Materials provided:
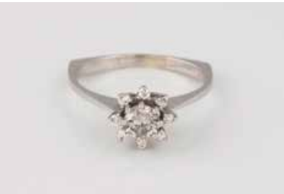
134 | BRILLANT-RING Weißgold. Ringmaß ca. 56,5, Ges.-Gew. ca. 3,3 g. Gest. 750. Ein Brillant, ca. 0,4 ct., wohl nachgeschliffen, leicht unrund, acht Brillanten, zusammen ca. 0,08 ct. Schienengröße geändert. € 180,-
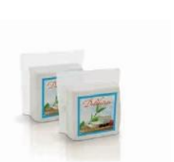
Vacuum 0.800kg, 0.400kg
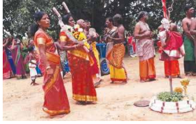
மிருசுவில் ஸ்ரீஞானதுர்க்கை அம்மன் தேவஸ்தான அலங்கார உற்சவம் 10 தினங்களாக நடைபெற்று, கடந்த வியாழக்கிழமை தேர்த் திருவிழா இடம்பெற்றது. (ரி2-159).

கொள்கலன் பெட்டி கடத்தல்; கிராம சேவகரால் முறியடிப்பு!
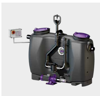
Fettabscheider EasyClean free Auto Mix & Pump

Höchster Hygienestandard durch Edelstahlabläufe Ferrofix
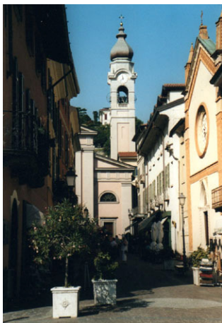
Via Calvi met rechts de kerk van S. Marta en aan het eind St. Stefano

The task: Pictures do not belong in your copy; restate word for word the lines from the one containing "Höchster Hygienestandard durch" through the last line of the records above.

Exercise output:
Höchster Hygienestandard durch Edelstahlabläufe Ferrofix
Via Calvi met rechts de kerk van S. Marta en aan het eind St. Stefano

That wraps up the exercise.